Supplied data: Begin

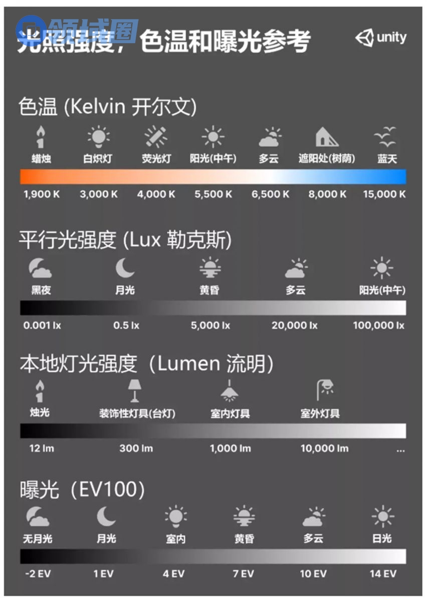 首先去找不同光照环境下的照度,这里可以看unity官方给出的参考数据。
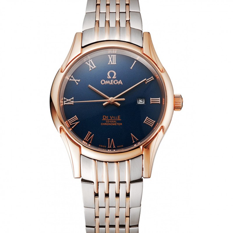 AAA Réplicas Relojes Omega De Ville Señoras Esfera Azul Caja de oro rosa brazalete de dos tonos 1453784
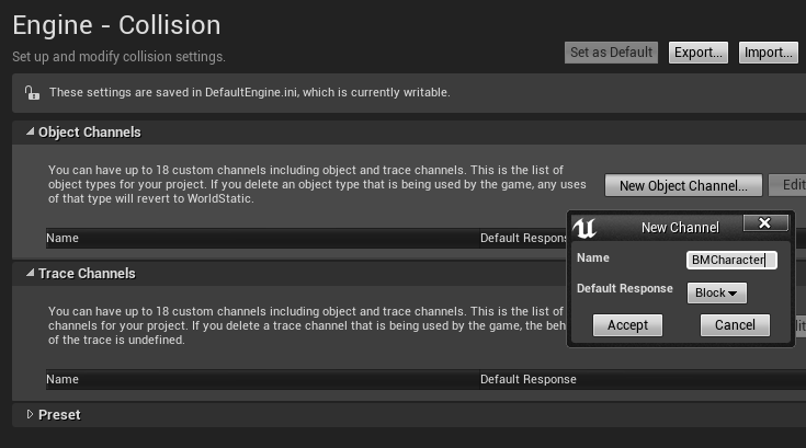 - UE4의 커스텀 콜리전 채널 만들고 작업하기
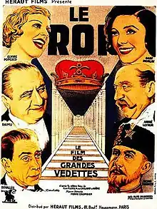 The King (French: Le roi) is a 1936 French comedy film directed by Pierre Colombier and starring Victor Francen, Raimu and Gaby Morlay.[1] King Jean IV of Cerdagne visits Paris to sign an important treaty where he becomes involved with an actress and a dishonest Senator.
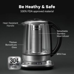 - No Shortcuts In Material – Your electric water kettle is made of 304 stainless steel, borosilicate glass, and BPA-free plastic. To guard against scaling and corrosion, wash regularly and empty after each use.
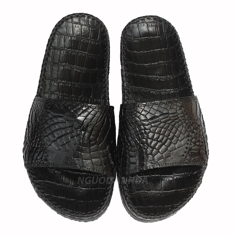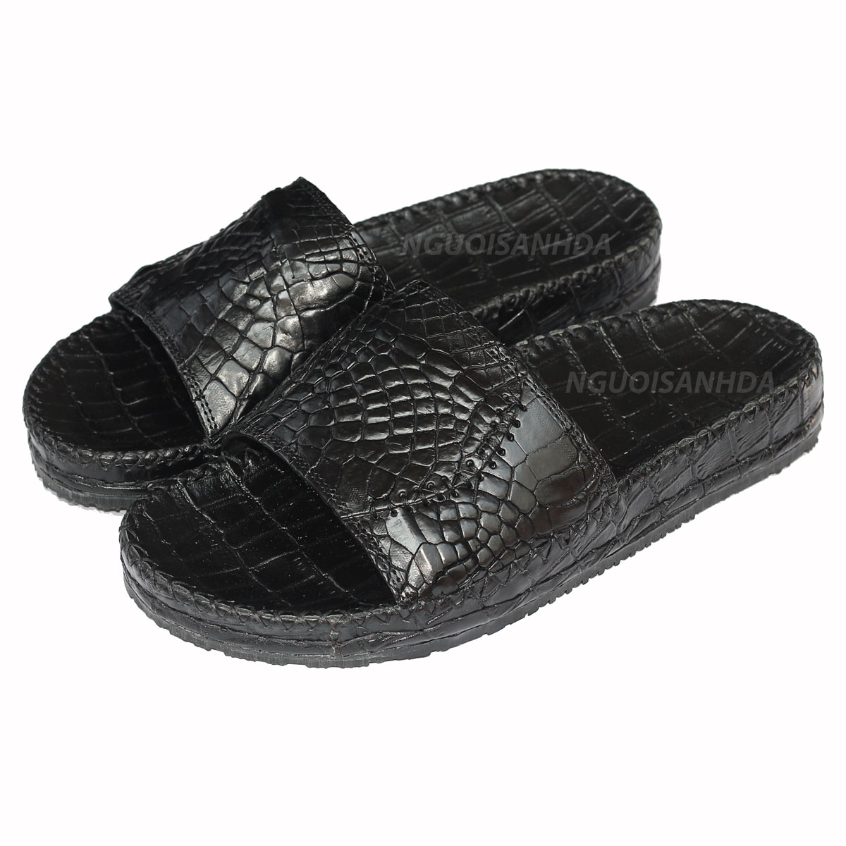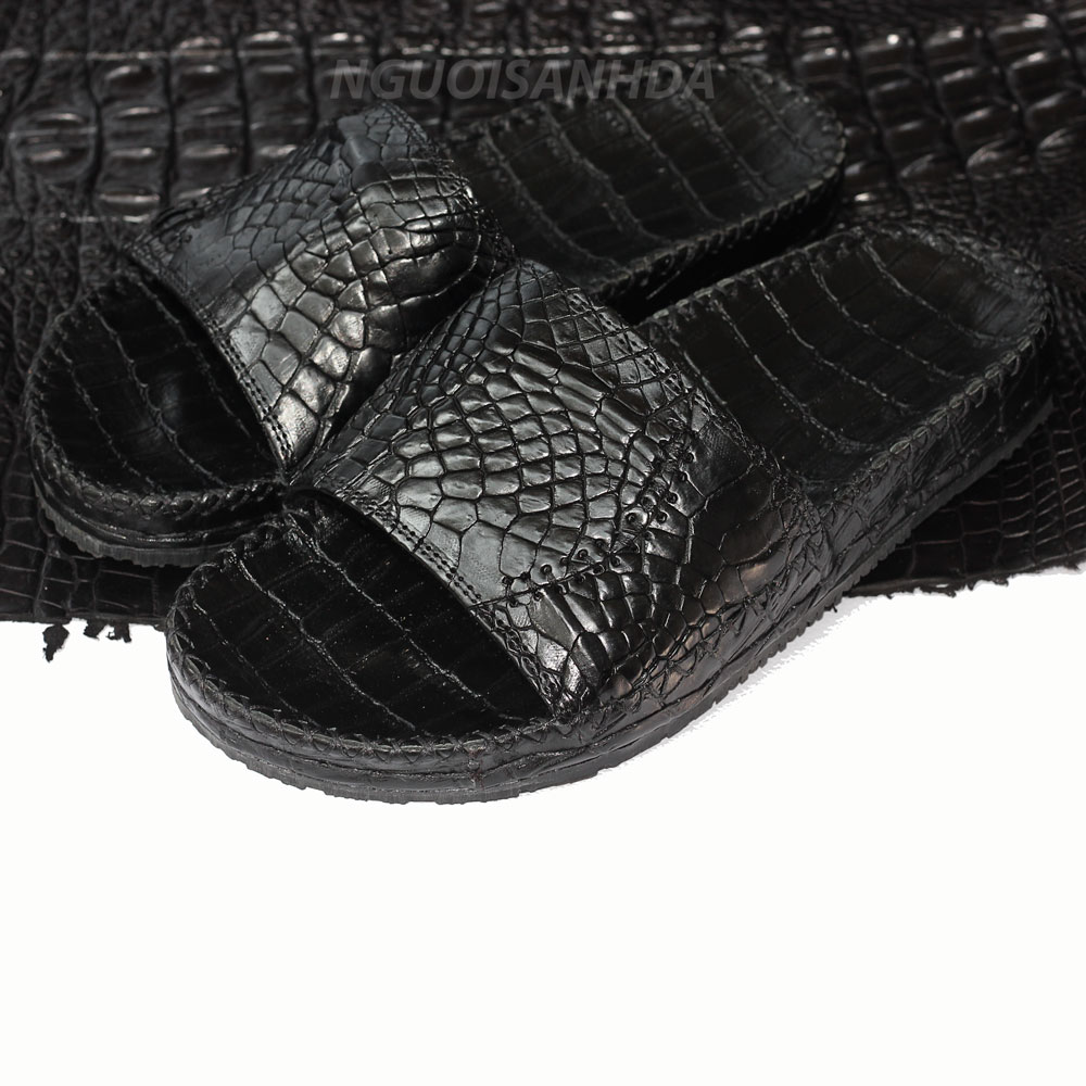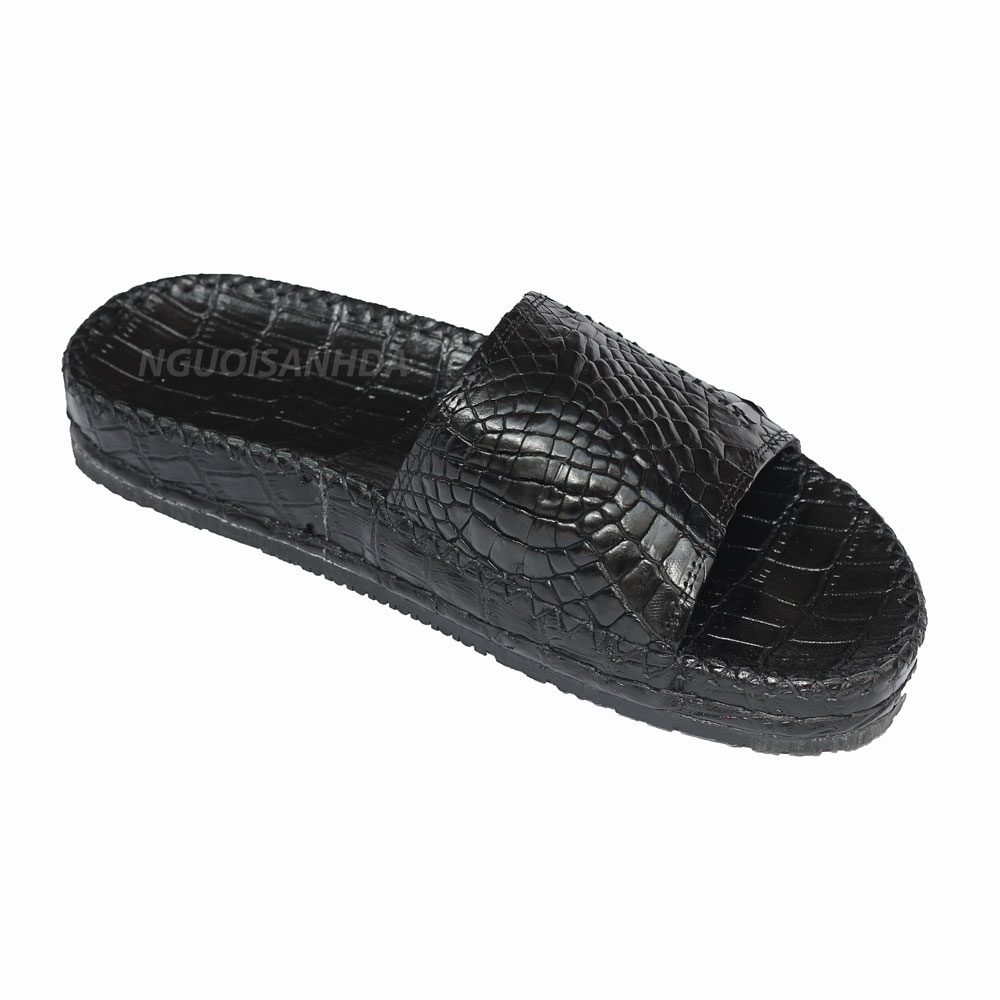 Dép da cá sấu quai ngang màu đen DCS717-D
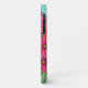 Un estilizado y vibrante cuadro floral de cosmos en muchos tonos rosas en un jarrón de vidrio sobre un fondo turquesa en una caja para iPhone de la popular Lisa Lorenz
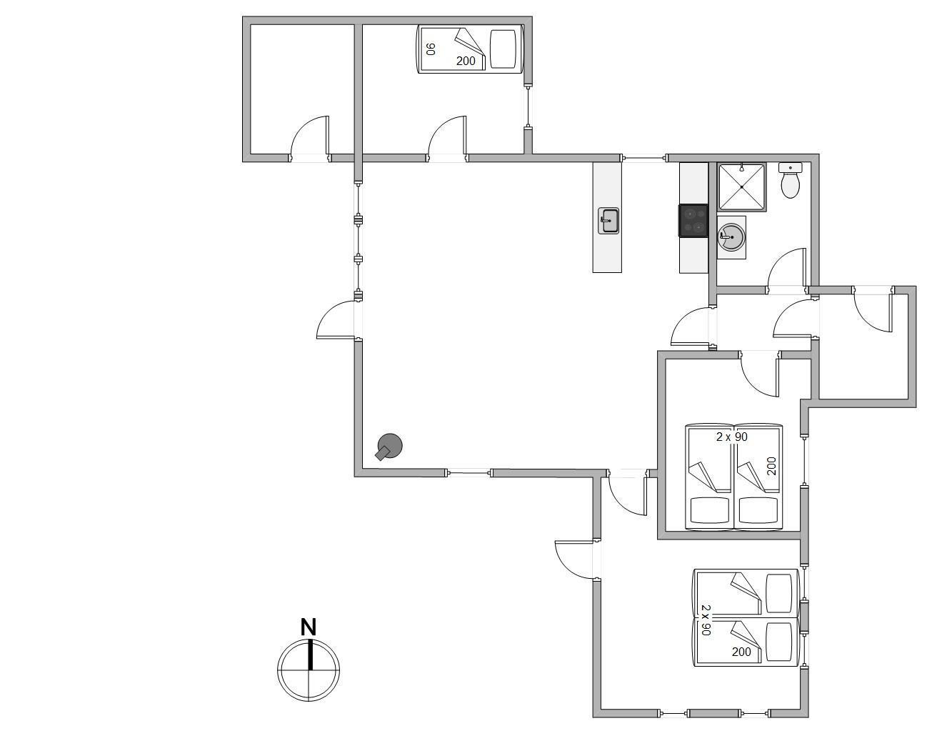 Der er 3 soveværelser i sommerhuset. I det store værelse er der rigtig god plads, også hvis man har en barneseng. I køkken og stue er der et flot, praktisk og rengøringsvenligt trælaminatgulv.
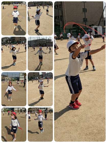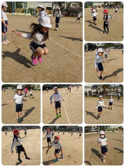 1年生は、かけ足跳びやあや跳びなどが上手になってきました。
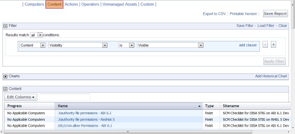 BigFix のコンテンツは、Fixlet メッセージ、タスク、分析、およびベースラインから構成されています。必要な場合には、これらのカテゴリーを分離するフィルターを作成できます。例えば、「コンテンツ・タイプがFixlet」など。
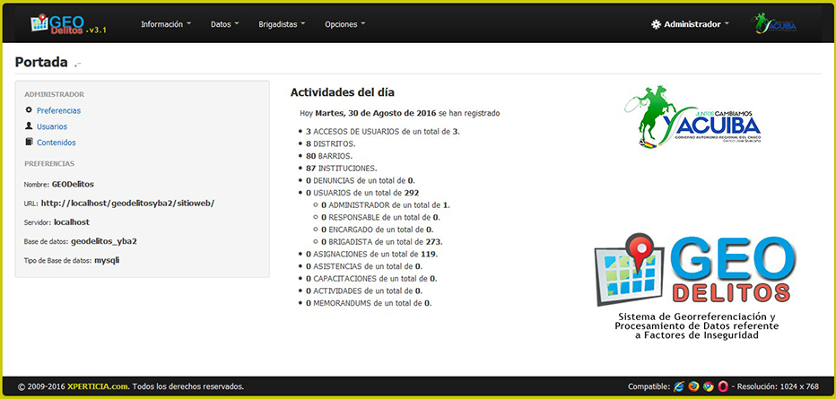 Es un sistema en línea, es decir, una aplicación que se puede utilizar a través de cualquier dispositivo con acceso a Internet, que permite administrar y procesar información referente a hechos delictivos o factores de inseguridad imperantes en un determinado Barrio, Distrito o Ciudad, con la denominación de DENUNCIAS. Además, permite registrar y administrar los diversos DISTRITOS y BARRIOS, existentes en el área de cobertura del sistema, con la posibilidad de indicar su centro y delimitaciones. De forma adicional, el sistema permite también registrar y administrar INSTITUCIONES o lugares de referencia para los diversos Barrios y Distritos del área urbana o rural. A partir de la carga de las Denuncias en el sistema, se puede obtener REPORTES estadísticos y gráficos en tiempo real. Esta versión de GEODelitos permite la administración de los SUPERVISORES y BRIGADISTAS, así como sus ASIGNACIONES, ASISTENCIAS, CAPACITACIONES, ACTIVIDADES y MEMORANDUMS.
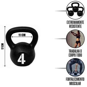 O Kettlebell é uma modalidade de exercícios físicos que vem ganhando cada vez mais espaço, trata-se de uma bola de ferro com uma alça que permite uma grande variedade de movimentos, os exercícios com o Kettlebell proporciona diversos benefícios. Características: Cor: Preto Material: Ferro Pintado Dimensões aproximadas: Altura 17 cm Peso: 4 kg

Supplied data: End

Work required
Your answer must be everything above from the line with "AAA Réplicas Relojes" down to the line with "- UE4의 커스텀 콜리전 채널 만들고 작업하기", word for word, and no pictures.

Answer
 AAA Réplicas Relojes Omega De Ville Señoras Esfera Azul Caja de oro rosa brazalete de dos tonos 1453784
 - UE4의 커스텀 콜리전 채널 만들고 작업하기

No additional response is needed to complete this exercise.